Return an exact copy of the data, starting at its first line and ending at the line that contains "Avers: CONSTANTINVS AVG, profil", minus any pictures.

(Data items)
BEGIN
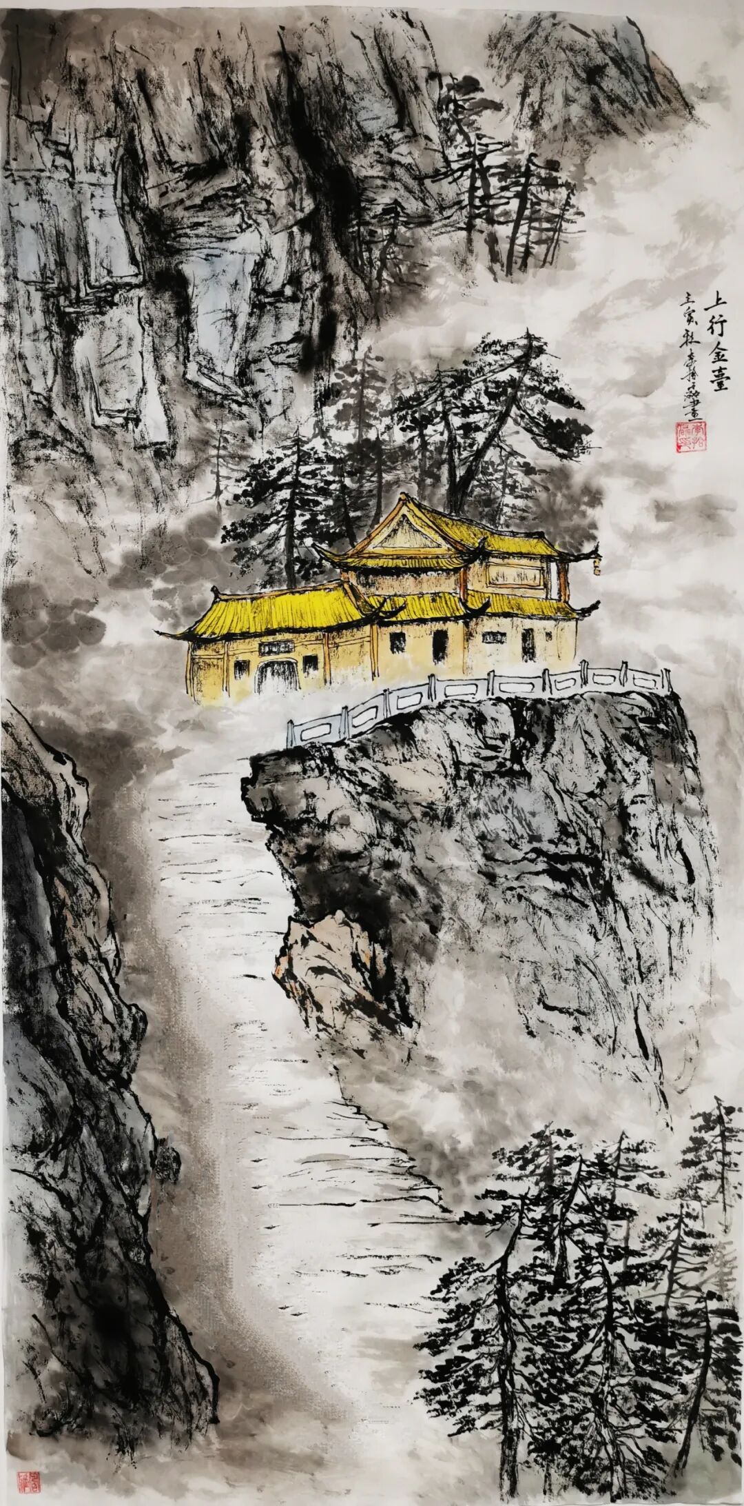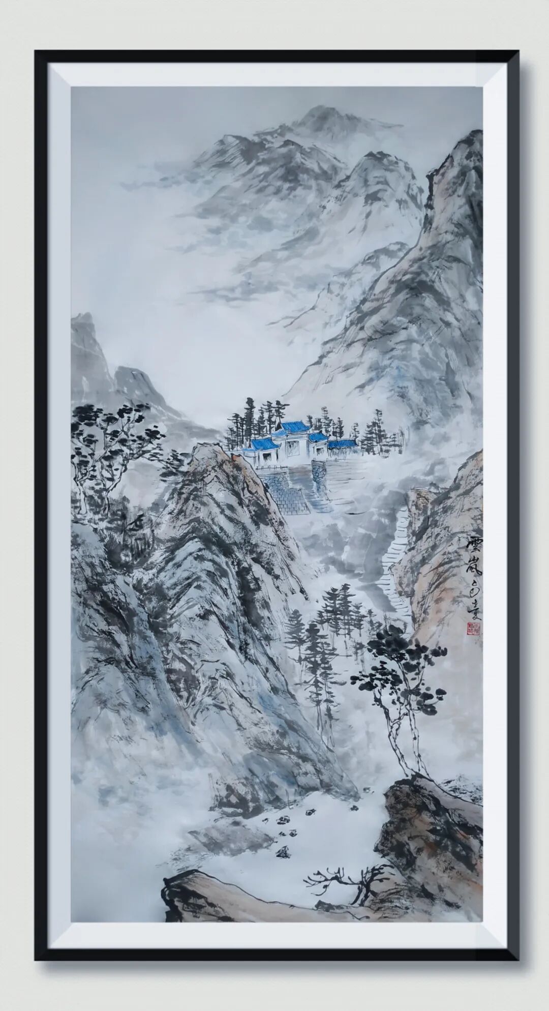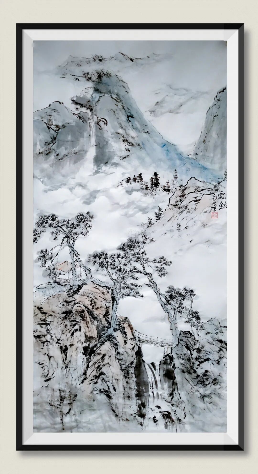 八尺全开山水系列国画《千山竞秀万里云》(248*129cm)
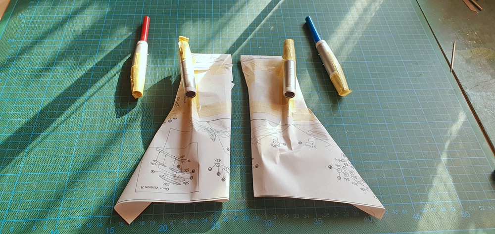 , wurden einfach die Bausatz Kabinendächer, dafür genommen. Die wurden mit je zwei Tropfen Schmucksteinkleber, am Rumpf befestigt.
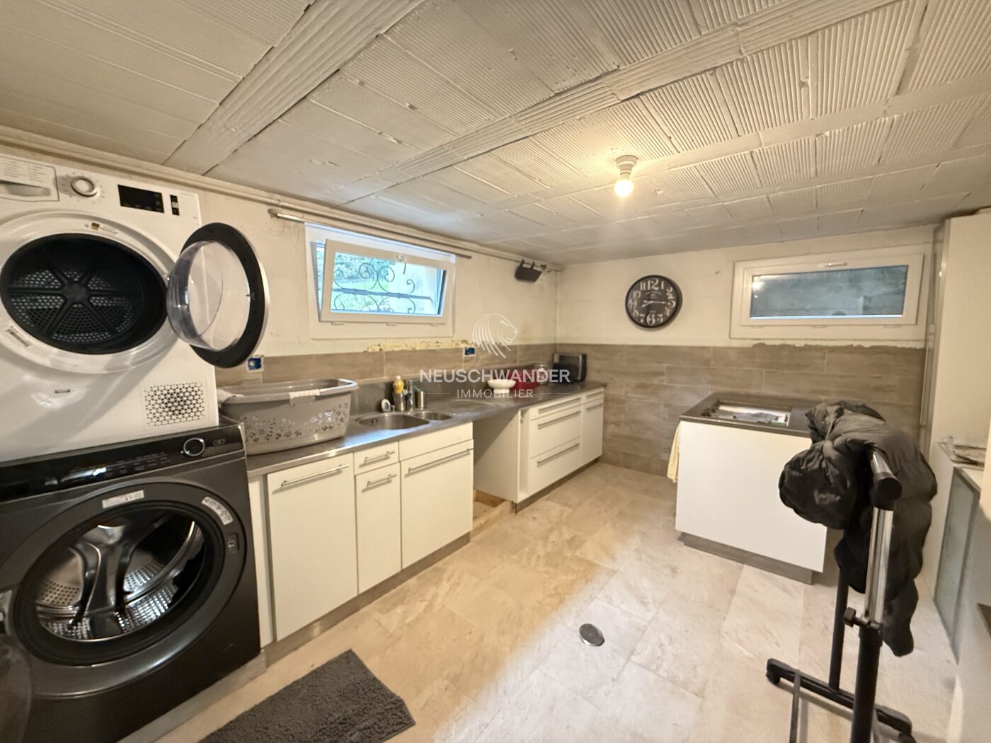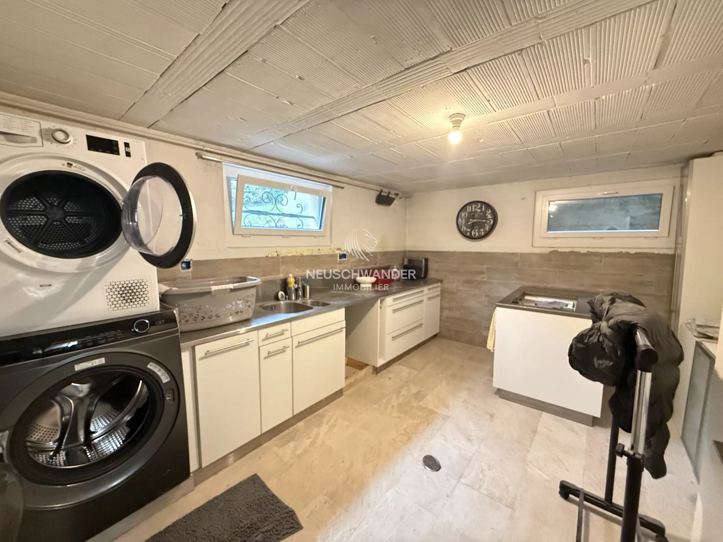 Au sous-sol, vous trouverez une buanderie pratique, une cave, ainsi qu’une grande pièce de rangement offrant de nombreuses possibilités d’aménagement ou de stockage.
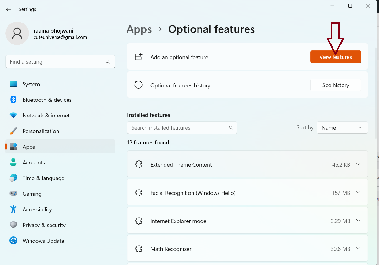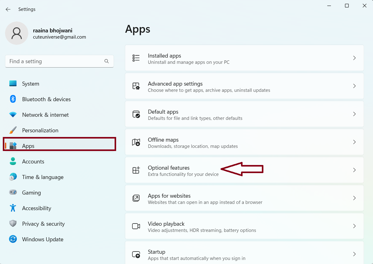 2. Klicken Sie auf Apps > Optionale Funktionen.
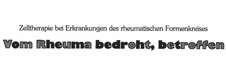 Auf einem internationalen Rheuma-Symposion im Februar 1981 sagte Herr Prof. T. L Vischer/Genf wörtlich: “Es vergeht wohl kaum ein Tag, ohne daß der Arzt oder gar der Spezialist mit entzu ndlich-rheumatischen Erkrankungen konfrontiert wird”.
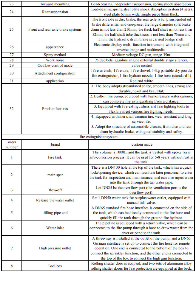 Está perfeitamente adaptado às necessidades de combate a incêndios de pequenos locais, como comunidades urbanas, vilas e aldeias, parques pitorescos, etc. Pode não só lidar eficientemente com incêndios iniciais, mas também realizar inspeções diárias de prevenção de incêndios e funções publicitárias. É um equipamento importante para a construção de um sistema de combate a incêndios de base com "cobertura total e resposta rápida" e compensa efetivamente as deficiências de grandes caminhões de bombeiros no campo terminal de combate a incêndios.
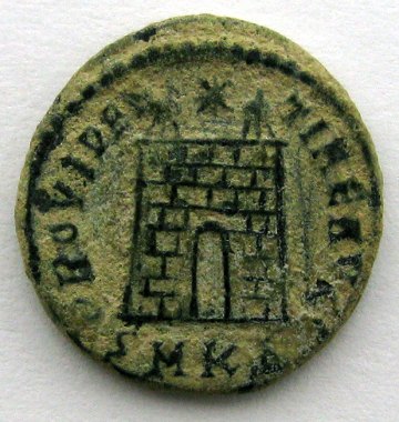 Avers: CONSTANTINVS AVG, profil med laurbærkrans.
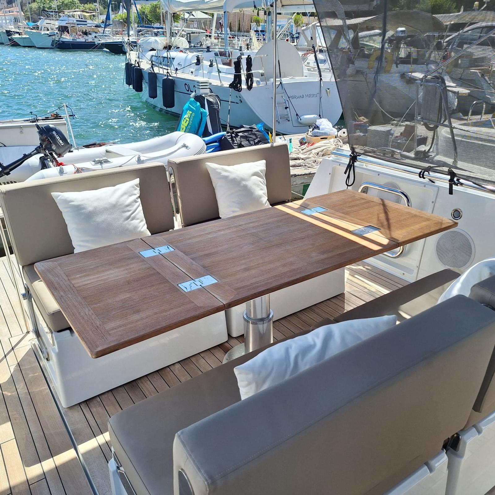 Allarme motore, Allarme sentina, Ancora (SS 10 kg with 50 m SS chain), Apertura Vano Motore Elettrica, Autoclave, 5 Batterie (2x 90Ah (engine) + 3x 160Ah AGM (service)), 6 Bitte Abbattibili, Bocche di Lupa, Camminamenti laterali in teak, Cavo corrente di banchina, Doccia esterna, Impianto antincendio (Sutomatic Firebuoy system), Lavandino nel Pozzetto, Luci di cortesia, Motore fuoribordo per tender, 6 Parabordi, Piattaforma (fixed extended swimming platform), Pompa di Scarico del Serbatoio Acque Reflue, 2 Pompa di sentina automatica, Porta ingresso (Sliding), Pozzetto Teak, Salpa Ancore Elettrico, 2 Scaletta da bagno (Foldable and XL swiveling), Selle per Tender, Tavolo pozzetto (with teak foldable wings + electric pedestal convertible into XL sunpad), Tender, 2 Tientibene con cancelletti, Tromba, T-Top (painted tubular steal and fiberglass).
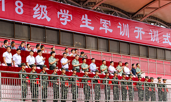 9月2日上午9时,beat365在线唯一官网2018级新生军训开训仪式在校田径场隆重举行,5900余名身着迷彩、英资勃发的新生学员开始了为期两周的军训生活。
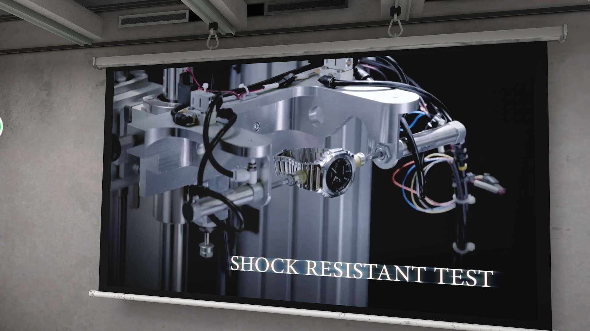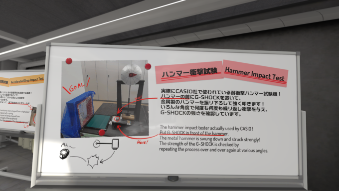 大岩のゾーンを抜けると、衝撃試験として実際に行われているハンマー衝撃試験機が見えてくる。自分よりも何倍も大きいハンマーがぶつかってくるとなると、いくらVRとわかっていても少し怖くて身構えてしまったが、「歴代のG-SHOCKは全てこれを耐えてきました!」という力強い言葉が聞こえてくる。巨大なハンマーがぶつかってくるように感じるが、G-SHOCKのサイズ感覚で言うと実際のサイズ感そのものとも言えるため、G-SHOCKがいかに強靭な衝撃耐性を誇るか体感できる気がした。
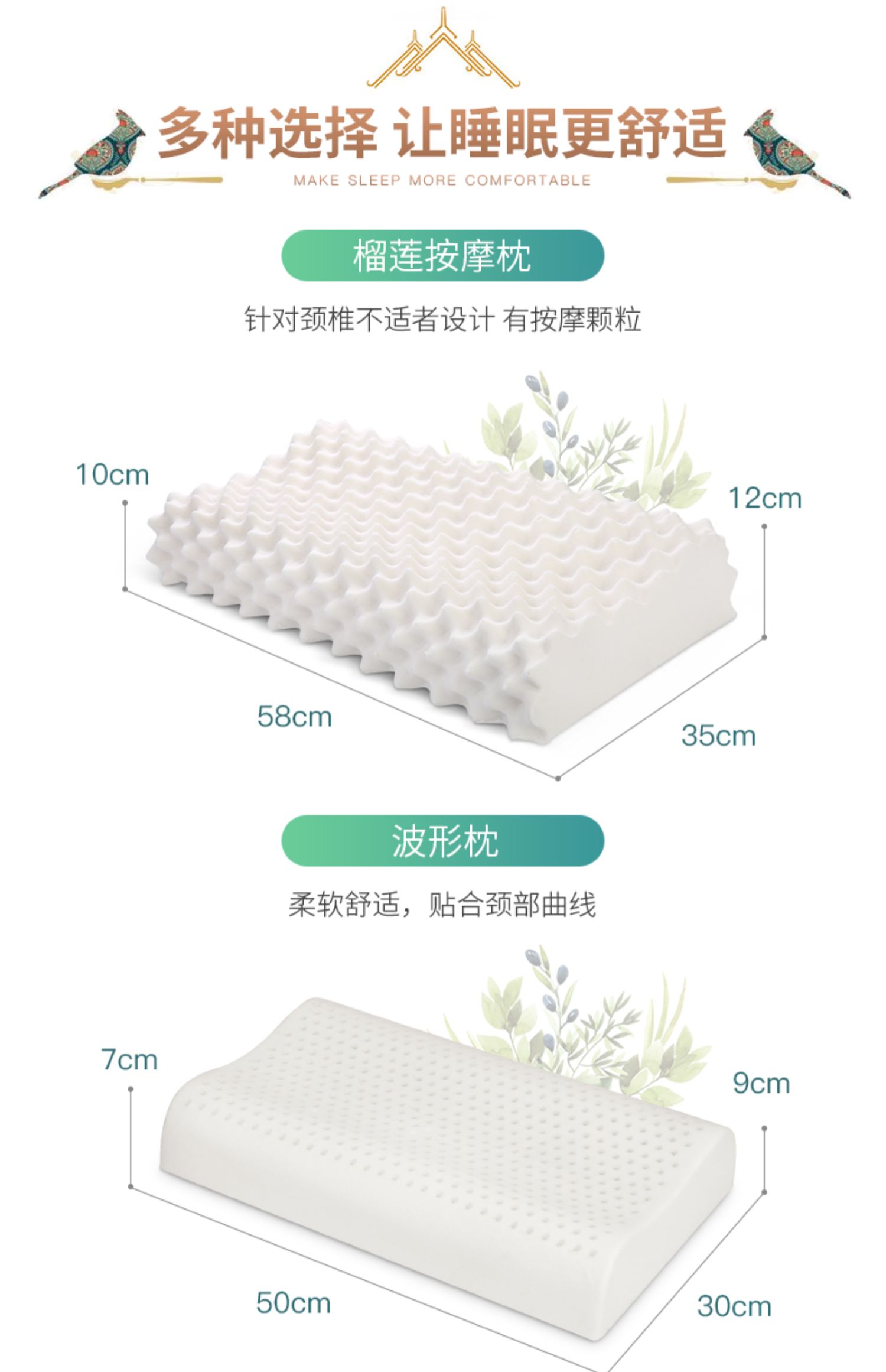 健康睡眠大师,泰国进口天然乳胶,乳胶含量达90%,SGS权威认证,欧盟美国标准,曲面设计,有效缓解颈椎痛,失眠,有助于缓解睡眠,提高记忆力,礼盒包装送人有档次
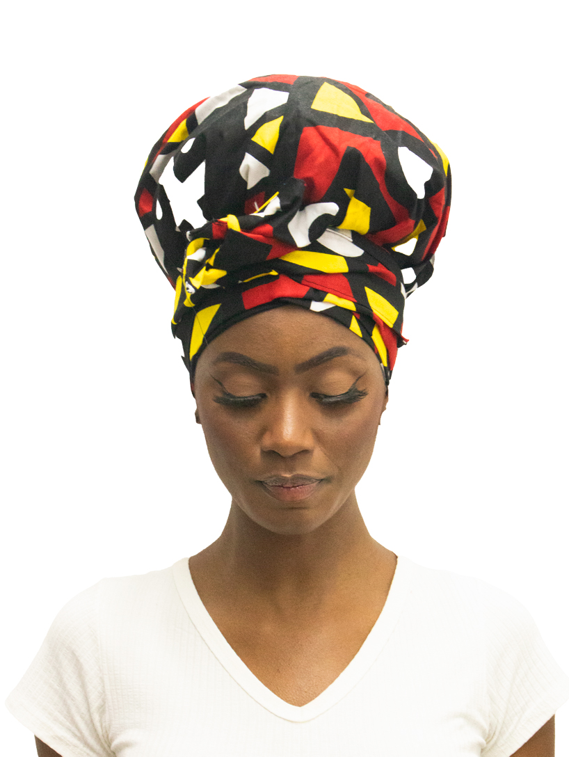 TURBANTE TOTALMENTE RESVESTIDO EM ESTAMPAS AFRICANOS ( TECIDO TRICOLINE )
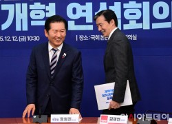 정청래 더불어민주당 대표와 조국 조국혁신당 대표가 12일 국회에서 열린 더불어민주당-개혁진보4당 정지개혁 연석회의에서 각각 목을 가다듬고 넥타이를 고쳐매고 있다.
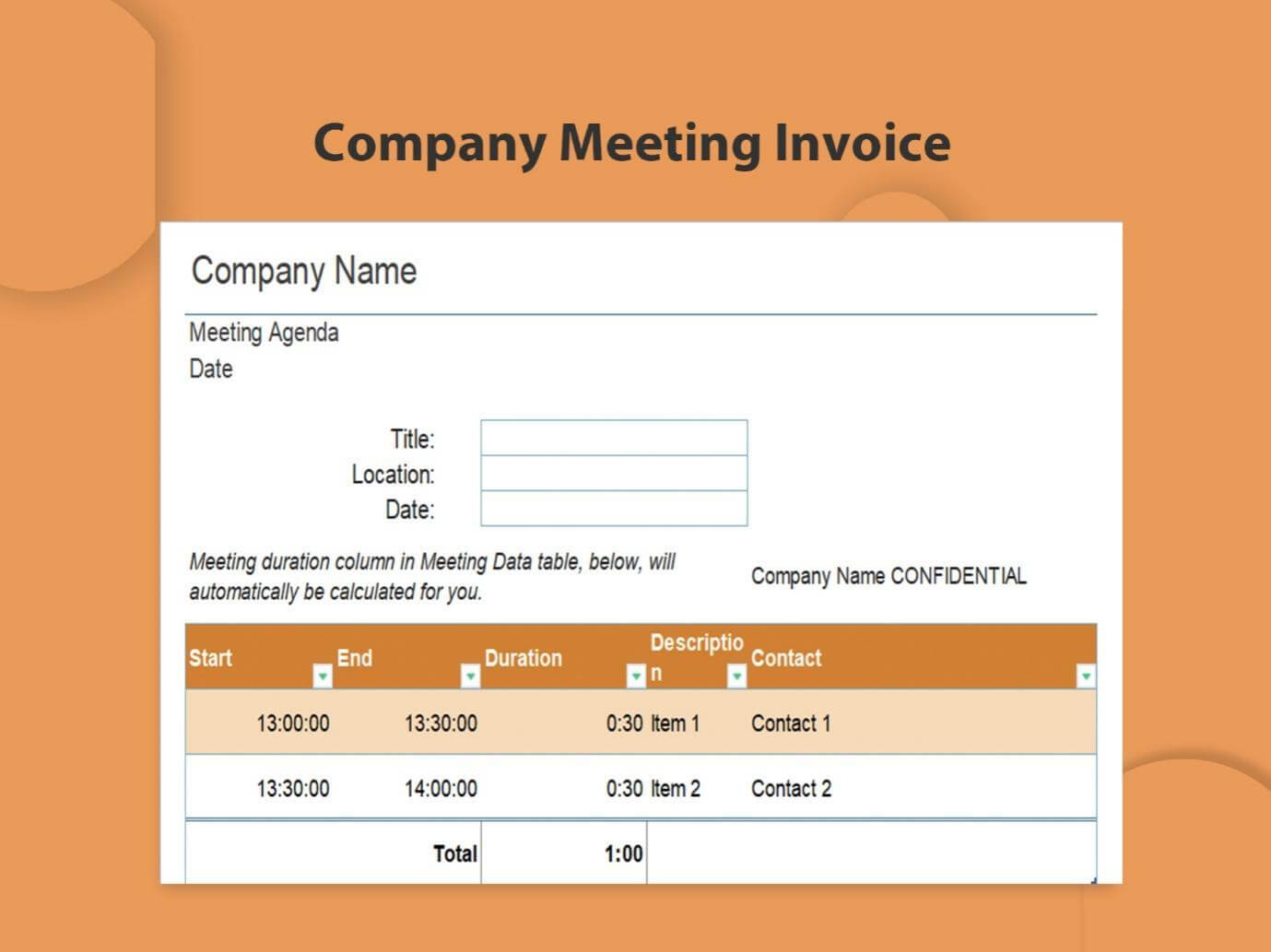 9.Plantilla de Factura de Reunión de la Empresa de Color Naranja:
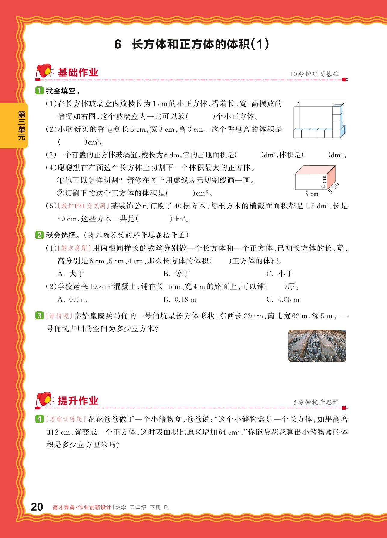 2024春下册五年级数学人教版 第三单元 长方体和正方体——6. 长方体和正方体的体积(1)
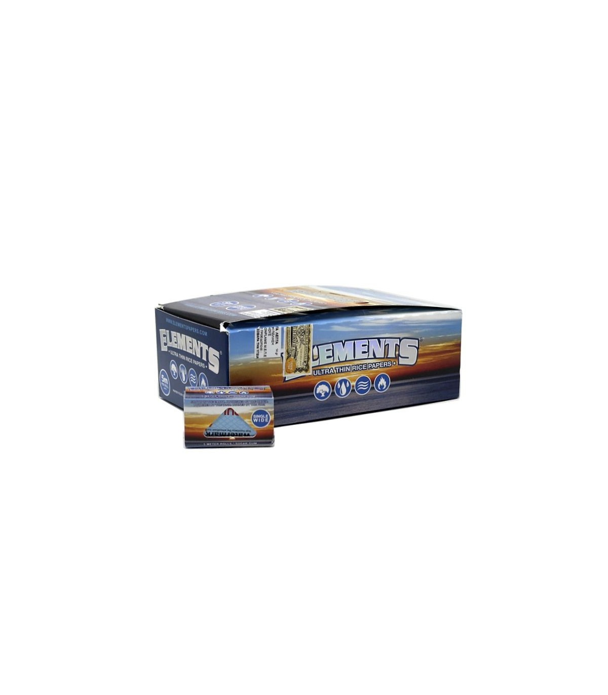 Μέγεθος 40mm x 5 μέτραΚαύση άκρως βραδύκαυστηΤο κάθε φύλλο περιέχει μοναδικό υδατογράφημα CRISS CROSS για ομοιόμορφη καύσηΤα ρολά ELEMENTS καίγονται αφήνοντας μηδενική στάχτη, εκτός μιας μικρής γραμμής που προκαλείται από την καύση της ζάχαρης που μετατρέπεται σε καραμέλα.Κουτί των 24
END
SOLUTION BELOW -
 八尺全开山水系列国画《千山竞秀万里云》(248*129cm)
 , wurden einfach die Bausatz Kabinendächer, dafür genommen. Die wurden mit je zwei Tropfen Schmucksteinkleber, am Rumpf befestigt.
 Au sous-sol, vous trouverez une buanderie pratique, une cave, ainsi qu’une grande pièce de rangement offrant de nombreuses possibilités d’aménagement ou de stockage.
 2. Klicken Sie auf Apps > Optionale Funktionen.
 Auf einem internationalen Rheuma-Symposion im Februar 1981 sagte Herr Prof. T. L Vischer/Genf wörtlich: “Es vergeht wohl kaum ein Tag, ohne daß der Arzt oder gar der Spezialist mit entzu ndlich-rheumatischen Erkrankungen konfrontiert wird”.
 Está perfeitamente adaptado às necessidades de combate a incêndios de pequenos locais, como comunidades urbanas, vilas e aldeias, parques pitorescos, etc. Pode não só lidar eficientemente com incêndios iniciais, mas também realizar inspeções diárias de prevenção de incêndios e funções publicitárias. É um equipamento importante para a construção de um sistema de combate a incêndios de base com "cobertura total e resposta rápida" e compensa efetivamente as deficiências de grandes caminhões de bombeiros no campo terminal de combate a incêndios.
 Avers: CONSTANTINVS AVG, profil med laurbærkrans.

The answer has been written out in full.